ALONSO DE MONTENEGRO

Madrid, 1635

Cuando Federico dejó Alcalá precipitadamente para ir a guerrear al servicio del rey, quedé sin amparo y sin dineros. Mi protector prometió ayudarme y llevarme con él en cuanto pudiera, pero la vida de estudiante pobre en Alcalá me obligó a buscarme la vida y di con malas compañías que me la complicaron más.

Mezclado con tahúres y fulleros me aficioné al naipe y, gracias a trampas y picardías, a costa de viciosos de la baraja con más ingenuidad que aviso, conseguí comer la mayor parte de los días y seguir asistiendo a algunas clases.

Recién cumplidos los diecisiete años, una noche, jugando a las cartas a la luz de las velas en un figón de mala muerte, disputé con el criado de un comerciante de tapices navarro a quien debía algún dinero. Me ofendió de palabra y tiró de puñal. Yo también iba armado y me defendí. Le asesté una cuchillada que lo dejó muy malherido.

El dueño del garito, después de aconsejarme que escapara rápido, llamó a los corchetes, que salieron en mi busca.

Varios días pasé escondido junto a la tapia del huerto de un convento de monjas, temiendo que me vinieran a prender a cada instante.

Sin saber qué hacer ni adónde dirigirme, vagaba por las afueras de Alcalá dispuesto a entregarme cuando se me acercaron dos bellacones con intenciones aviesas. Tras robarme lo poco que tenía, quisieron rajarme, pero me defendí bien. En la pendencia eché mano a la daga que llevaba oculta entre los pliegues de la camisa y segué dos dedos a uno de ellos, y al otro le dejé con un ojo casi colgando.

Creyéndome del todo perdido emprendí el camino a Madrid, y en dos días de marcha, ocultándome cuanto pude, llegué a la capital.

Un tiempo pasé durmiendo en la calle o en las puertas de las iglesias, compitiendo por una escudilla de sopa con los enjambres de mendigos que como plaga de langosta asolan la corte.
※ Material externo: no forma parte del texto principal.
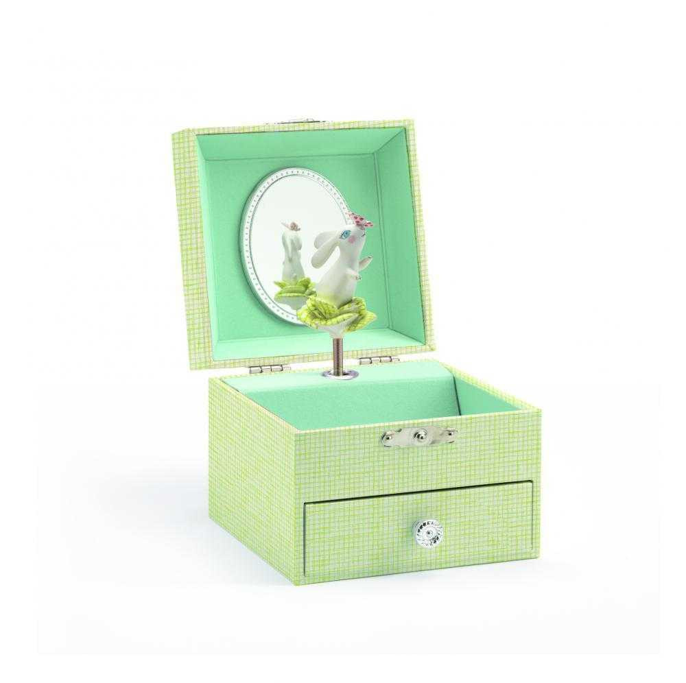Cutie muzicala Iepuraș Cutie muzicală cu sertar pentru a păstra bijuterii și obiecte secrete. Întoarceți cheița, deschideți cutia și ea prinde viață: un iepuraș sculptat delicat se rotește, reflectat într-o oglindă ovală. Melodie: Let My Call You Sweetheart. Compozitor: Leo Friedman. Melodia durează aproximativ 2 mim 30 sec. Conținut: cutie muzicală de bijuterii cu sertar, căptușită la interior cu catifea. Dimensiune cutie muzicală: 10,5 x 10,5 x 8,5 cm. Vârsta recomandată: +4 ani Confecționată din lemn, carton, textil și metal. Certificat FSC®. AVERTISMENT: Acest articol nu este jucărie. A nu se lăsa la îndemâna copiilor sub 3 ani. Design: Elodie Nouhen Producător: Djeco, Franța.

De la cabeza me había quitado ya la idea de entregarme a la justicia, pues con dos sucesos de sangre a mis espaldas, si no me ahorcaban, me esperaban veinte años en galeras, lo que suponía acabar mi mala vida de muerte lenta y afrentosa.

Hambriento y deshecho por dentro y por fuera, deambulaba por las callejas próximas a la Plaza Mayor cuando vi que en una plazuela levantaba bandera un capitán llamado Juan de Mújica. Por matar el hambre me acerqué a unos soldados que, acompañados por el aporreo de un tambor, animaban a la leva. Ellos me dieron un trozo de pan, que devoré hasta la última miga, pues hacía casi tres días que mis tripas estaban vacías.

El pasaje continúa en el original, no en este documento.